L’agriculture en pleine révolution technologique

Face à la crise que traverse depuis vingt ans le monde agricole, l’innovation technologique déborde de promesses. Il ne s’agit pas seulement d’optimiser la production en améliorant le rendement, mais de revoir également les modes de production pour offrir davantage d’autonomie aux agriculteurs et leur permettre d’opérer un rapprochement avec les consommateurs.

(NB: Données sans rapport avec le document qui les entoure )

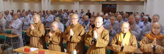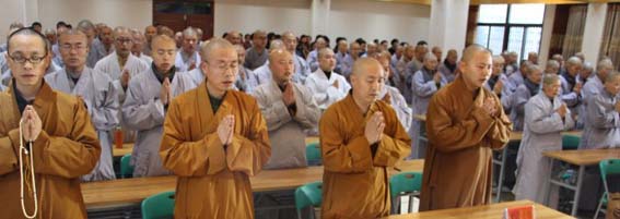 办公室主任圣悦法师对2015新学年的全体学僧提出新的要求:要求大家在新的一年要以新的精神面貌来学习,来提高自己的学习和修为,并要求大家要进一步培养道心,坚固道心,要能够经受住而各种的磨练和考验,最终来提高认识,端正修学态度,使自己建立起坚固的道心,这样才不负出家人的使命,才能树立远大高尚的愿力和远大的志向,并要求大家在新学期修学中要放下不合时宜的物质享受,养成一种良好的生活作息习惯,让身心安住在佛法上,以欢喜心和新的精神面貌来迎接新学期的到来,最终圆满完成自己的学习任务。

Innovation oblige, entre les capteurs répartis sur les parcelles de terrains cultivés, les colliers connectés du bétail et les drones surveillant l’évolution des cultures… l’agriculteur 3.0 dispose aujourd’hui d’une multitude de données pour gérer son exploitation. Il la pilote désormais derrière son écran, à l’aide d’un tableau de bord actualisé en temps réel. Endossant la fonction d’analyste, il exploite ces nombreuses données pour optimiser sa production, prévoir son rendement, anticiper des événements, mais également réduire la quantité de pesticides ou d’intrants, ou encore lancer des expérimentations.

 

L’agriculture arrive en ville

 

Si les tracteurs sont depuis longtemps connectés et peuvent être pilotés via une simple télécommande, les drones envahissent les campagnes (leur caméra embarquée permettant de repérer en quelques secondes la moindre anomalie). Dans le même temps, les progrès réalisés en matière de robotisation pallient le manque de main d’œuvre dans certains domaines. La découpe de la viande, qui demande par exemple des compétences bien spécifiques, peut désormais être assurée par des cobots (robots collaboratifs) équipés de couteaux intelligents, voire par des humains équipés d’un exosquelette comme dans l’industrie. La robotisation de certaines tâches agricoles, notamment dans les abattoirs, a déjà permis de réduire la pénibilité des tâches et de limiter l’apparition de troubles musculo-squelettiques.

 

L’ensemble de la chaîne de valeur – de la ferme à l’assiette, en passant bien-sûr par le réseau de distribution – est bouleversée par le numérique. Cette évolution illustre les nouvelles exigences des consommateurs qui réclament désormais plus de proximité avec le terrain agricole, par exemple par des circuits courts. Elle préfigure également la société de demain. Et dans le domaine agricole, la créativité semble sans limite. Par exemple, le nombre de micro-productions agricoles explose au sein des villes. Ces fermes urbaines ou verticales – parfois alimentées en chaleur par des data centers – seront bientôt essentielles pour nourrir les centres urbains où se concentrera, d’ici à 2050, 80% de la population mondiale. Au programme de cette agriculture urbaine : production locale, circuits courts, engagement écologique. Une véritable disruption, à analyser dans le contexte de la mutation globale du monde paysan.